SUPPLIED INFORMATION:
--- START ---

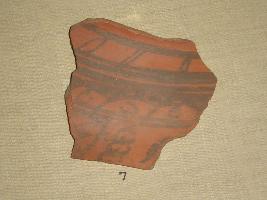 | Description / विवरण | It is made of terracotta. The design on pottery is having specimen of geometric design. The pottery has border of parrallel lines, with wavy line designing throughout the pottery. |
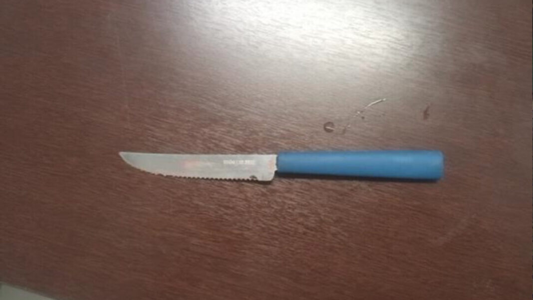 A faca utilizada na agressão foi apreendida e será submetida à perícia pelo Instituto de Criminalística.
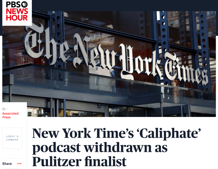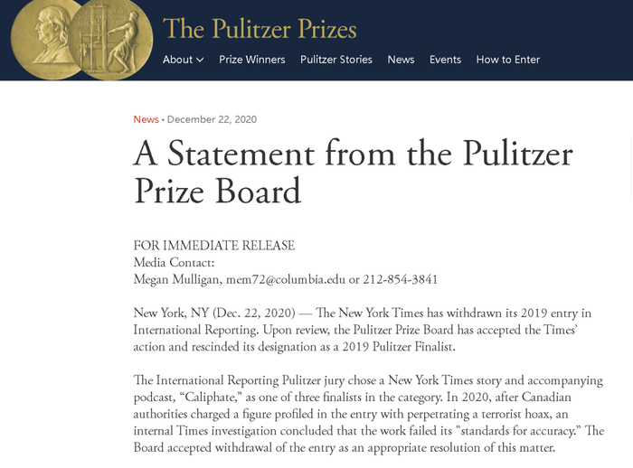 而在2020年时,另一名《纽约时报》的记者鲁克米尼·卡拉马奇,也险些因为编造一组关于中东地区的恐怖组织“伊斯兰国”的报道而获得普利策奖。直到给这名记者提供虚假新闻的一名加拿大籍男子被加拿大警方因“编造涉恐骗局”被捕,《纽约时报》和普利策奖方面这才发现这个很对美国“外宣”胃口的报道出了大问题,撤下了参奖的问题报道。
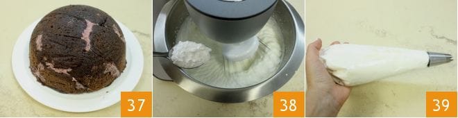 Retournez délicatement le zuccotto sur une assiette de service 37. Enfin, montez la crème qui servira à décorer le zuccotto. Dans un robot pâtissier (ou dans un bol avec un batteur électrique), versez la crème fraîche, actionnez les fouets et ajoutez le sucre glace 38. Lorsque la crème est bien montée, transférez le mélange dans une poche à douille avec une pointe étoile 39. Pour monter la crème, vous pouvez voir la procédure en détail ici : comment monter la crème.

--- END ---

PROBLEM DETAILS: The answer should contain only the lines from the one with "A faca utilizada" through the last line of the material, given word for word and without pictures.

RESPONSE AREA:
 A faca utilizada na agressão foi apreendida e será submetida à perícia pelo Instituto de Criminalística.
 而在2020年时,另一名《纽约时报》的记者鲁克米尼·卡拉马奇,也险些因为编造一组关于中东地区的恐怖组织“伊斯兰国”的报道而获得普利策奖。直到给这名记者提供虚假新闻的一名加拿大籍男子被加拿大警方因“编造涉恐骗局”被捕,《纽约时报》和普利策奖方面这才发现这个很对美国“外宣”胃口的报道出了大问题,撤下了参奖的问题报道。
 Retournez délicatement le zuccotto sur une assiette de service 37. Enfin, montez la crème qui servira à décorer le zuccotto. Dans un robot pâtissier (ou dans un bol avec un batteur électrique), versez la crème fraîche, actionnez les fouets et ajoutez le sucre glace 38. Lorsque la crème est bien montée, transférez le mélange dans une poche à douille avec une pointe étoile 39. Pour monter la crème, vous pouvez voir la procédure en détail ici : comment monter la crème.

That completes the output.